Most Helpful Positive Review
Nov 17, 2005

This was a fabulously tasty way to cook halibut! My boyfriend made this one. He only cooked two halibut steaks, and did the whole thing in the skillet, using probably 2-3 tablespoons of olive oil. Even though it was only two steaks, he used all of the other vegetables, all of the pepper instead of half, and cut the tomato into wedges instead of slices. When he served, he just ladled all of the vegetables over the steaks, and it presented beautifully. It was a wonderful dinner!
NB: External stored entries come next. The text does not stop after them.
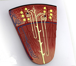 該模型顯示腎單位結構、腎小體(也稱為腎小球)和腎小管等結構,共有19個部位指示標志。
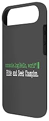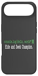 This design features the classic "Hello, world" code snippet with a missing semicolon, captioned "Hide and Seek Champion." It's a perfect inside joke for any coder who knows the pain of hunting down that one missing character that breaks everything. Great for software engineers, web developers, computer science students, and anyone in the tech industry. Perfect for hackathons, the office, or while working from home. A fun way to show off your geeky side and love for programming. Two-part protective case made from a premium scratch-resistant polycarbonate shell and shock absorbent TPU liner protects against drops Printed in the USA Easy installation
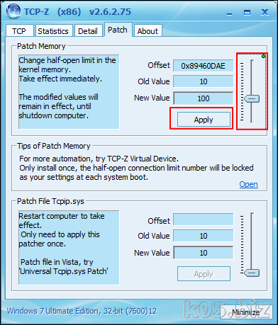tcp-zというソフトを使います。使いかたは簡単で、起動して左の画面のところで100ぐらいにして[Apply]ボタンを押します。これで同時接続数が増えます。設定後は、このソフトを終了させても問題ありません。再起動しない限り有効です。逆にいうと起動時に設定しないと駄目だということですね。まとめ
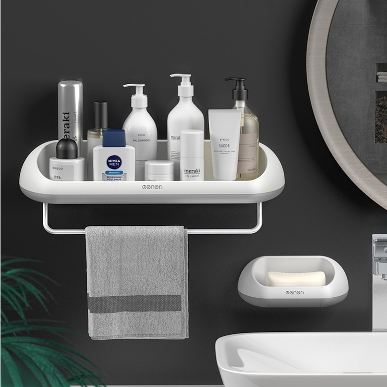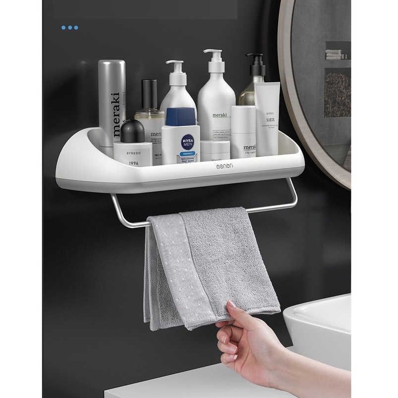 Nhà cửa & Đời sống > Đồ dùng phòng tắm > Kệ để đồ phòng tắm || Kệ Nhà Tắm Để Đồ Kèm Thanh Treo Khăn OENON cao cấp lắp đặt dán tường không cần khoanCòn hàng
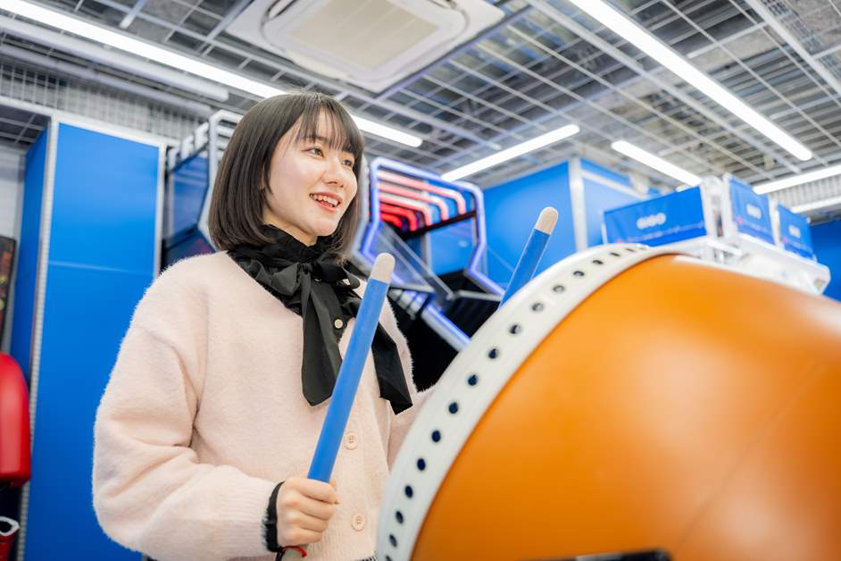 「太鼓の達人」でリズムよくバチを振るう村上さん
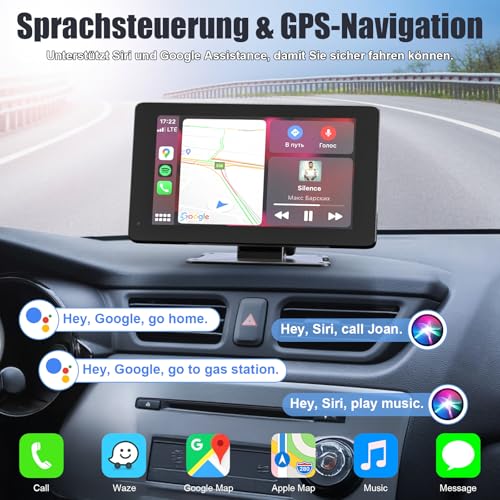 Wireless Carplay Display Android Auto Display mit Stehende Halterung 7 Zoll Touchscreen Auto Display Car Play Bildschirm mit Rückfahrkamera, Buddy Display mit Siri/Google GPS Navigation AUX, FM
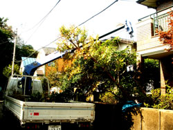 | ③移植する木が大きかったので、ユニック車を利用して作業している所です。 | ④2本の大きな木を移植して完成です。 |

Most Helpful Critical Review
Mar 05, 2012

Was not impressed. Bland.

Jul 13, 2004

We liked this recipe. The only thing, the vegetables were over cooked for our taste and would prefer more garlic. So when I make this again I will briefly sauté the vegetables hoping they will come out a little crispier. Thanks LittleAsta!

Nov 28, 2004

Great recipe. Because I hate mushy zucchini - I added it during the last min. when the onions/garlic/mush./grn peppers were almost done and cooked to a tender crisp. I then brushed each halibut peice w/ a little olive oil, layered the vegetables around and atop of the halibut. Finally, I omitted the tomato altogether - for fear of mushy. Overall very good and here you have you maindish and veggies all in one! (However, I did serve with a side of rice pilaf). Thanks!

Jan 03, 2006

A WINNER!!! This is my favorite halibut recipe yet! I don't add the tomatoes b/c my husband does not like them. Other than that omission, I make it exactly like the recipe. I've already made this 2x in 2 weeks!

Sep 06, 2007

This is an easy/fast recipe that gives great results! I agree with other reviewers that you can change the vegetables with pretty much what you have in the refrigerator, but i think that the mushrooms are great in it! The only change i made is that i marinated the veggies (the recipe i used is for grilled portobella mushrooms): olive oil, lemon juice, balsamic vinegar and chopped basil. I then used the marinade to saute' the veggies and poured all on the fish. It was delicious

Jun 01, 2007

This makes a real nice summer dish. I love how versatile it is...you can really use just about any fish and any combination of vegetables. I was looking for a way to serve up some frozen boxed haddock fillets and used this recipe. I didn't have mushrooms or zucchini but did have yellow and orange bell pepper and asparagus. So with the red tomato, it made a beautiful looking dish. I also had some fresh basil and lemon thyme growing so used that instead of the dried basil. With a side of rice (cooked in chicken stock and some chopped green onions stirred in afterward) it made a complete meal. The only down-side was that I didn't make enough! Everyone liked it and it went fast.

Aug 17, 2004

Great dish. Family said it looked and tasted like something from a fancy restaurant. Didn't have any zuchini at the time I made the fish, but it was just as good without it. Maybe next time I will drizzle a little olive oil over the top before baking. Thanks for a great recipe.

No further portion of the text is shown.